Справа донесся стук кинодвижка, грохочущая музыка. Фильмы крутили через день для всей формировки. Меж деревьев, над шевелящейся массой солдатских шапок парусила простыня — экран. Развалины, тени. Чей-то девичий голос выкрикивал:
«Мама! Я вернусь, мамочка!»
— «Солдатка» идет. Три раза смотрела. — И, отвернувшись, с вызовом сказала: — Не думай, я не лентяйка. Просто уставала. С детства без отца, мать хворая. Я и хозяйка, и сиделка, и уборщица. Все гуляют с парнями, а я…
— Ничего, теперь наверстаешь…
— Перестань! — вздохнув, махнула рукой. — В общем, досталось. — И умолкла, точно обиделась запоздало.
— Я понимаю… — участливо откликнулся он. — Хотя жили мы хорошо, отец предриком был. А мать…
Вдруг представил мать, смуглую, хрупкую, словно куколка, вечно колдующую у плитки с «Домоводством» под мышкой. Все старалась угодить отцу и сыну. Но отец, к величайшему ее огорчению, позабыв о пирогах, укатывал в командировку на предриковской эмке, а Сенька, схватив кусок, бежал к Вадиму — с ночевкой. И она добиралась за ним через весь Подол, умоляла вернуться: «Какой ужас! Спать во дворе, под тонким одеялом! Верный грипп!» А он, стыдясь опеки, грубил ей, взрывался… Интересно, какая она сейчас? Постарела…

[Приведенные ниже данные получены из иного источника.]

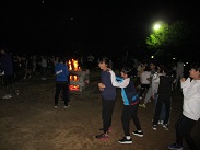 夜の活動は、「キャンプファイヤー」です。山の神から様々な火をもらい、厳粛なムードで始まり、レクリエーションで盛り上がりました。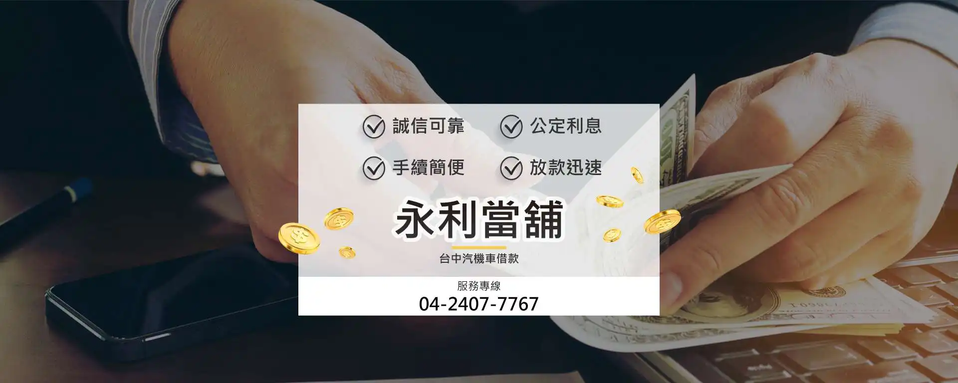 公司:台中永利當舖 · 電話:(04)2407-7767 · 地址:台中市大里區國光路二段 773 號 · 加入 LINE 諮詢

— Два года у соседей под полом жила. А то — в душегубку…
— Бедненький, — она прильнула к нему.
— Ладно, — сказал он, — оставь. Люди кругом.
Лида притихла.
— Она у меня совсем беспомощная, — сказал он с какой-то непривычной нежностью в голосе. — Даже эвакуироваться не смогла, все ждала — отец заедет… Жив буду — куда направят, к себе возьму.
— Конечно, — эхом отозвалась Лида. — Женишься. Детей будет нянчить. У тебя ведь… есть? Ну, невеста?..
Он улыбнулся:
— Была. В школе.
— А сейчас где?
— Не знаю. Учится, наверное. Врачом мечтала…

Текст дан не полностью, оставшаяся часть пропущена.